An aeroplane is flying at a height of 300 m above the ground. Flying at this height the angles of depression from the aeroplane of two points on both banks of a river in opposite directions are 45° ad 60° respectively. Find the width of the river. $[$ Use $\sqrt{3}=1.732]$
Let CD be the height of the aeroplane above the river at some instant. Suppose A and B be two points on both banks of the river in opposite directions.
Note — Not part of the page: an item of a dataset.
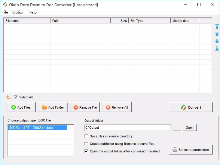 Okdo Docx Docm to Doc Converter还可将每个输出文件放在单独的文件夹中,这在将文档分成多个部分时特别有用。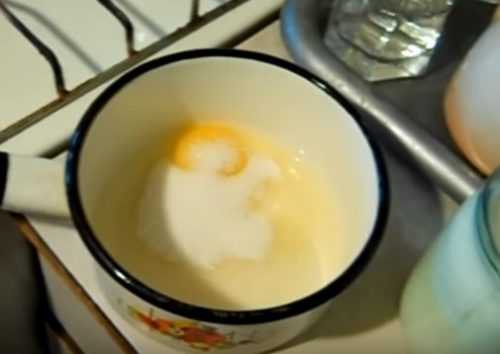 - Яйца разбиваем в кружку и перетираем с сахаром.

Height of the aeroplane above the river, CD = 300 m
Now,
In right ∆ACD,
$\tan 60^{\circ}=\frac{\mathrm{CD}}{\mathrm{AC}}$
$\Rightarrow \sqrt{3}=\frac{300}{\mathrm{AC}}$
$\Rightarrow \mathrm{AC}=\frac{300}{\sqrt{3}}=100 \sqrt{3} \mathrm{~m}$
In right ∆BCD,
$\tan 45^{\circ}=\frac{\mathrm{CD}}{\mathrm{BC}}$
$\Rightarrow 1=\frac{300}{\mathrm{BC}}$
$\Rightarrow \mathrm{BC}=300 \mathrm{~m}$
∴ Width of the river, AB
$=B C+A C$
$=300+100 \sqrt{3}$
$=300+100 \times 1.73$
$=300+173$
$=473 \mathrm{~m}$
Thus, the width of the river is 473 m.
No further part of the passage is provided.